Keywords

1 Introduction

Medical images acquired at different time points, or originating from different scanners, need to be brought into spatial alignment to assess complementary structural and/or functional information. This process is called image registration and is one of the fundamental medical image analysis procedures [23]. Deformable image registration is particularly important for lung applications where, for example, the different breath-hold levels need to be compensated in the acquired images. Single-modality lung registration, especially Computed Tomography (CT)-CT registration, has been widely studied [4, 17] and dedicated image registration methods have been proposed [7, 10, 11, 25, 28].

While CT-CT lung image registration is a non-trivial task, mainly because of sliding motion between the surfaces of the lungs, the ribcage, and diaphragm [18, 22], multi-modal lung image registration is even more challenging due to more complex deformations and directly incomparable intensities between the acquired scans. Registration between proton density Magnetic Resonance Imaging (pMRI) and CT is one such example, where the difficulty stems from the low proton density in the lungs and susceptibility to acquisition artifacts caused by the interfaces between air and lung tissue. Such registration, however, plays an important role in the analysis of hyperpolarized Xenon MRI (XeMRI) [2]. XeMRI, due to its non-ionizing nature, has received substantial attention in the field for imaging ventilation, perfusion, and gas transfer in the lungs [16]. As XeMRI does not provide structural information, its correspondences to the patient anatomy rely on pMRI, which is acquired during the same imaging session but not within the same breath-hold. Even though patients are provided with bags containing 1l of gas for both image acquisitions, due to different properties of air and xenon, as well as individual breathing patterns, the images might be acquired at different levels of lung inflation. It is not, therefore, straightforward to directly map XeMRI to diagnostic lung CT, for instance in the case of patients undergoing radiotherapy treatment. An intermediate registration between pMRI and CT is needed to find this mapping, as shown in Fig. 1. This registration becomes particularly challenging for a number of reasons, including the lower spatial resolution of pMRI compared with CT, the limited information from lung tissue in pMRI due to its low proton density, and the presence of susceptibility artifacts. For these reasons, the registration can easily result in under or over-estimation of deformations inside the lungs.

Fig. 1.
figure 1

To bring XeMRI into alignment with CT, we compose two transformations: transformation T\(_1\) that compensates for a possible initial misalignment between XeMRI and pMRI, and transformation T\(_2\) estimated based on registration between pMRI and CT. The dedicated framework addressing this problem is the main contribution of this work.

An alternative approach for this problem might be the application of lung motion models [15]. For instance, a statistical motion model based on deformations estimated from 4DCT was proposed in [5]. The individual motion models estimated for each subject from the dataset have been co-registered to an average shape and intensity model was generated from reference frames from 4DCT. This resulted in a development of an average inter-subject model. In [13], after estimating the deformations from 4DCT, the surface point distribution model of the shape of the lungs was constructed. After applying Principal Component Analysis (PCA) to reduce the dimensionality, the statistical model between the estimated deformations and point-based shape variations was calculated. Similar approach has been presented in [29], with the diaphragm position used as a surrogate of the motion to control the model. To create a lung motion model, Finite Element Analysis (FEA) could be also used, such as in [9], where a patient-specific bio-mechanical model has been proposed for lung CT registration. However, to achieve satisfying accuracy the FEA model-based method requires an additional registration. All of the aforementioned methods have been applied to CT-to-CT registration problem. In the case of pMRI-to-CT registration, the task may be even more challenging due to the low out-of-plane spatial resolution of pMRI and lack of direct intensity correspondences.
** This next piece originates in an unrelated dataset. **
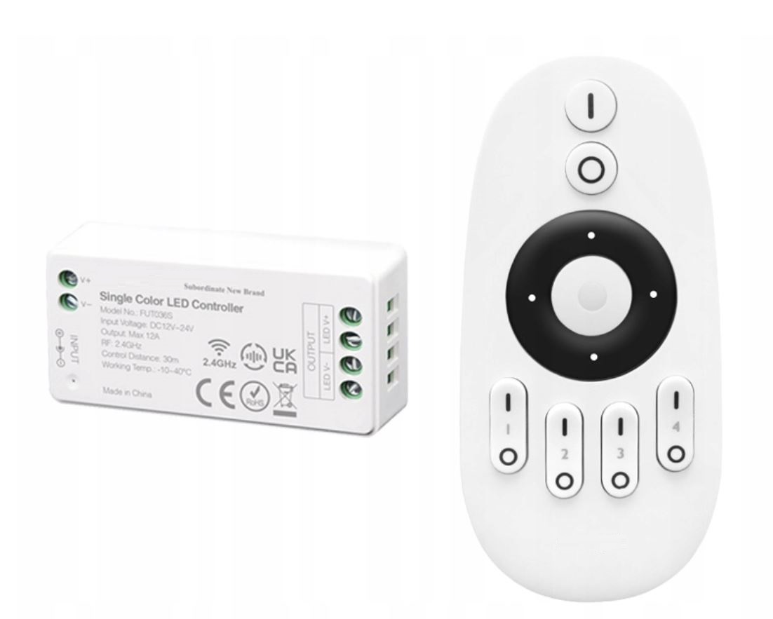 Пульт дистанционного управления работает в 4-зонном стандарте, а отдельные контроллеры также можно группировать. Технология устройства позволяет использоватьодин пульт для многих ресиверов и управлять каждым каналом отдельно. Пульт дистанционного управления позволяет нам управлять светом от 1 до 4 зон - НЕЗАВИСИМО, и мы можем запрограммировать множество цепей освещения для каждой зоны.

In this work, we address the issue of insufficient amount of information inside the lungs in pMRI, by proposing a personalized 4D-CT statistical motion model for a supervoxel-based graphical image registration [11, 25]. The main contribution is a dedicated framework, which addresses the challenges of XeMRI to CT deformable registration in the form of supervoxel-based motion model enhanced method. The evaluation has been performed on a clinical dataset and compared with state-of-the-art image registration methods, showing higher correlation of XeMRI with ventilation maps estimated from 4DCT.

2 Methods

The proposed method consists of three main steps: (1) creation of a personalized lung motion model from 4DCT, (2) lung image clustering and (3) graph-based pMRI-to-CT registration. We introduce these steps in detail in this section. An overview of the proposed method is presented in Fig. 2.

Fig. 2.
figure 2

Diagram presenting the workflow of the proposed method. We start from registering all the 4DCT volumes for each of the patients to the chosen reference frame. Over the estimated deformation fields we apply PCA decomposition to create a motion model. Subsequently, we extract supervoxels from the lungs in the reference CT volume. We create a graph, where every supervoxel is represented by a node an all adjacent supervoxels are connected by an edge. For every supervoxel we find the best set of motion model parameters to bring pMRI into alignment with CT using graph cuts optimization. We apply the estimated deformation field to XeMRI as the ultimate goal of the registration framework.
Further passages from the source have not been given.